It's only about 18 months ago that we spent a week in Edinburgh, so this was just a nostalgic visit. We wandered the streets and picked up on a couple of things we missed last trip. Mary King's Close was the most interesting - a real step back into the past to the now-buried streets of 17th century Edinburgh. Even though it's a bit of a touristy attraction, it is largely authentic and worth a visit.
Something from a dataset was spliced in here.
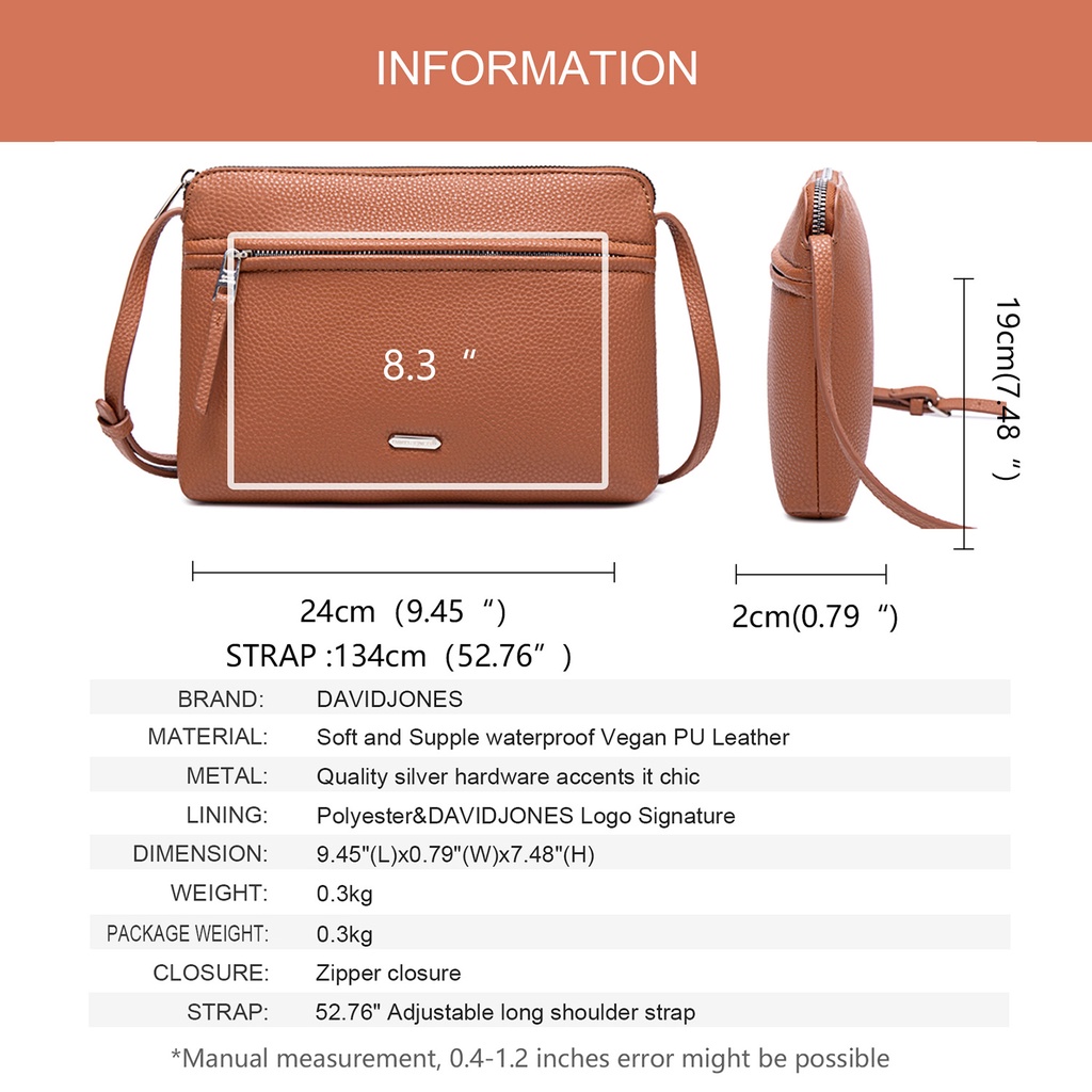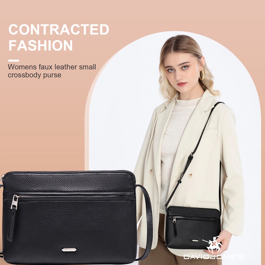 David Jones Feminina Couro do falso Zip Bolsas de Ombro Bolsas de Mão

On our way up Princes Street, we did a few shops. Just because we could! In Marks and Spencer, now re-branded as M&S. We saw woven baskets just like the one we had bought in Swaziland. Here is a perfect example of the sort of exploitation that the West has indulged in for centuries. We bought our bag from a woman in a market in the Swazi city of Manzini for 25 Rand ($3 cents US). In M&S …. 12 Pound. At today's rate, approximately $18 US. We didn't even hassle with the poor girl in the Swaziland market, but you can bet that M&S paid a lot less per bag than we did. From 3 cents to $18 is more than a normal margin.
Well done M&S!!
Into the Vortex.
Making our way back to London has taken a couple of fairly hard days' driving, broken by quick visits to historic Jedburgh Abbey, the imposing Durham Cathedral and a much longer, conducted tour of the fabulous Fountains Abbey. We had only planned a quick visit here as well, but we were captured by a charming older volunteer guide who took us on a two and a half hour wander around the whole Abbey estate. It wasn't what we had signed up for , but by the end of the hike, we knew a lot more about the ancient Abbey and its surrounds than we could possibly have hoped for. Fantastic day!
Heading down the M1 towards London gave us that “Vortex” feeling. The closer the city gets, the more frenetic the pace becomes and we are drawn into the Vortex.
This we have experienced screaming up the Jersey Turnpike, as four lanes become six, then eight, then 10, all crowded with traffic and pouring into New York at speeds well above the 70 miles per hour limit. About 10 years ago, however, a hair-raising drive down the motorway into Istanbul - where the 5 marked lanes carry anything up to 10 lanes of honking, crazy Turks, on a headlong suicidal dash towards the Bosphorus, gave us the most intense Vortex experience of our lives.
Today being Sunday, the “Vortex” was still present, but far less intense than our other experiences. Must be a British thing.
Tonight is our last one in our van. Tomorrow we swap it for a zippy little hire car for our last week in a cottage in the Midlands.